Let me start with a disclaimer: I’m as tired of this satellite camp issue as I’m sure some of you are.

But there’s new information tonight that deepens the saga.

I’ll sit back and let those who are reporting on this situation fill you in…

In other words, the Pac-12 expected to vote in favor of open season for satellite camps. But UCLA, which doesn’t need them due to its prime real estate in Los Angeles and greater Southern California, decided it would go rogue.

Sun Belt commissioner Karl Benson said a majority of the conference was pro-satellite camp, though Texas State AD Larry Teis voted for the Sun Belt in favor of banning the camps. There are plenty of conspiracy theorists who will tell you that the SEC somehow influenced the Sun Belt’s vote.

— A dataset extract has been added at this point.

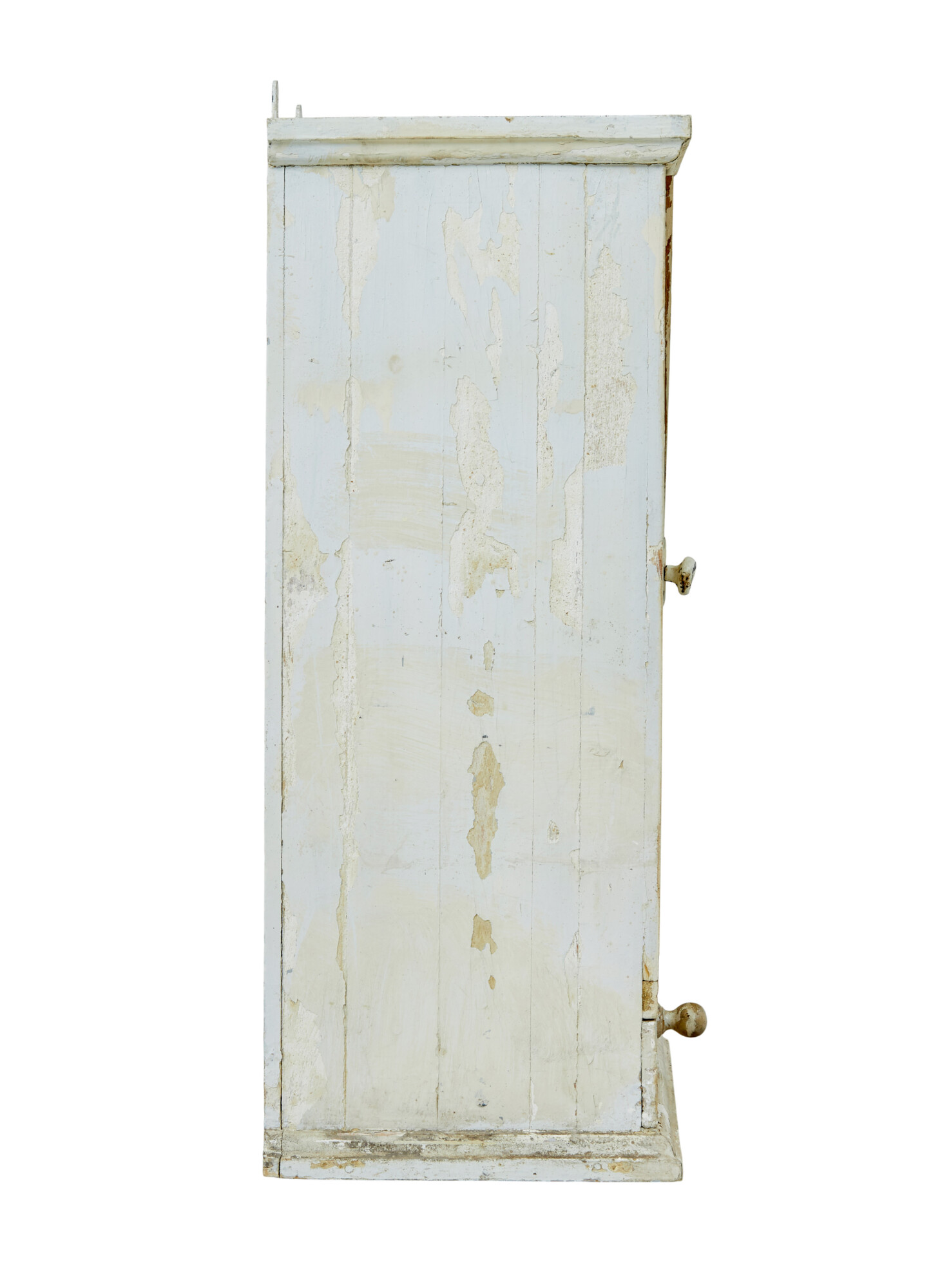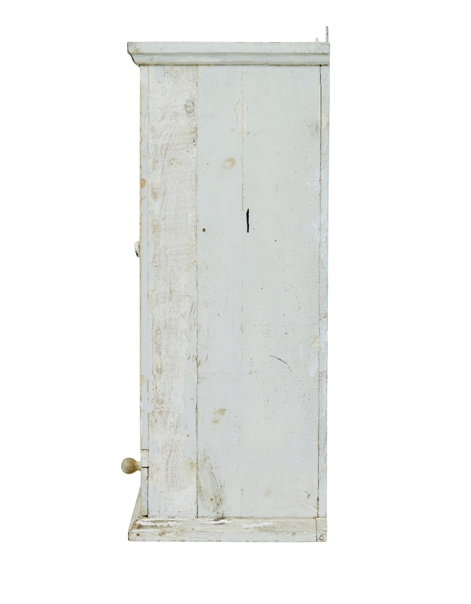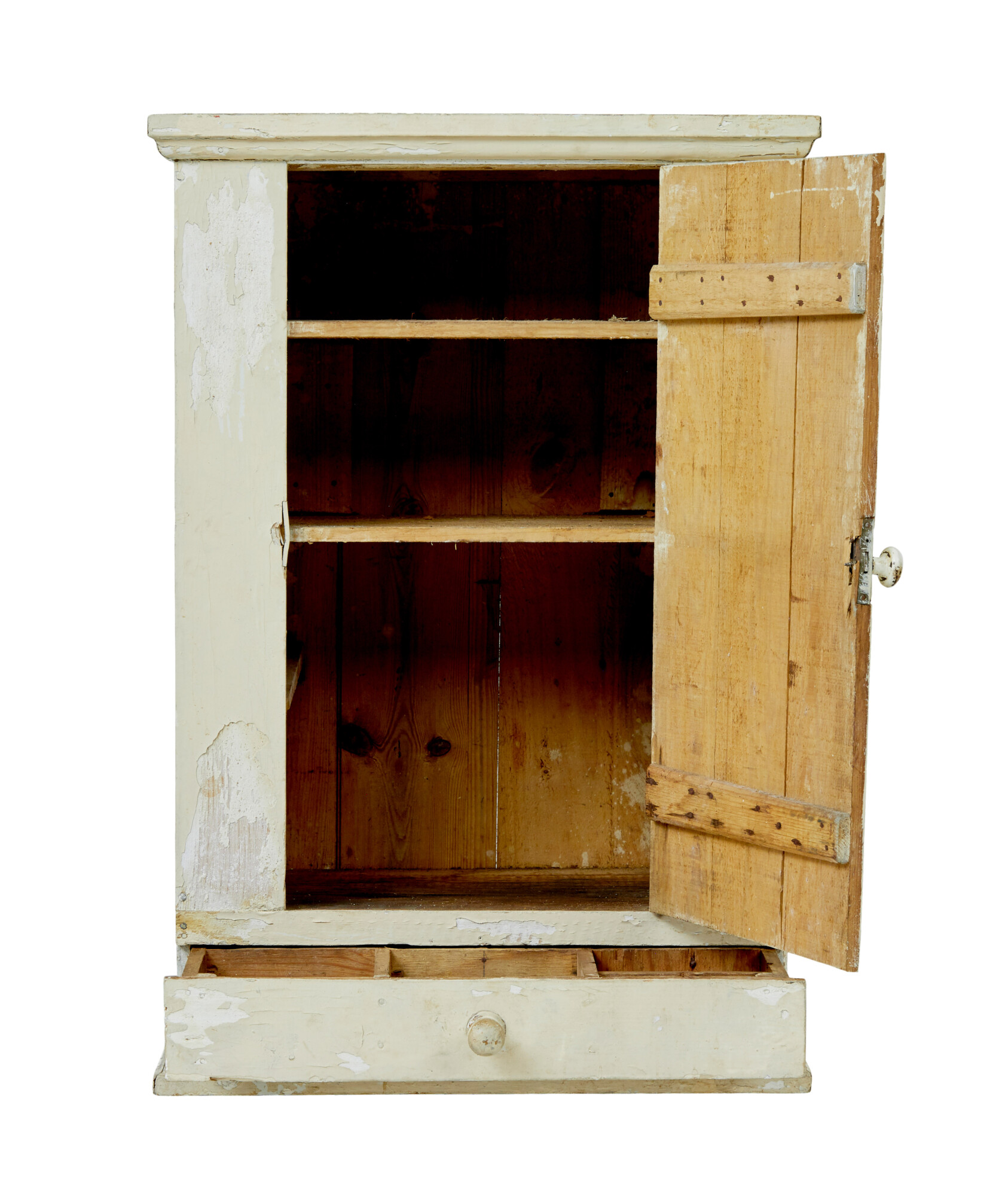 RUSTIC PAINTED SWEDISH WALL CUPBOARD MADE IN PINE. TOP COAT OF A CREAMY WHITE IS PEELING BACK TO REVEAL A WHITE BASE COLOUR UNDERNEATH. SINGLE DOOR OPENS TO REVEAL 2 FIXED SHELVES AND FURTHER STORAGE BELOW, A FURTHER DRAWER FITTED WITH PARTITIONS COMPLETES THE STORAGE POTENTIAL FOR THIS WALL MOUNTED CUPBOARD.

Either way, satellite camps — staging or participating in football camps off campus, like Jim Harbaugh’s recent tour-de-force in the Southeast, is now banned. This issue may resurface at some point soon. In the meantime, it appears as though even the SEC may have been surprised that the vote came out in favor of a ban.

The SEC mostly has been opposed to satellite camps because it may give away a marginal recruiting advantage the league has based on its geographical footprint. Even with no satellite camps, though, there’s no way to ban the Harbaughs of the world from flying into Lakeland, Fla., to recruit a kid at his high school.

I’m still convinced that if this was taking place during the season, no one would care.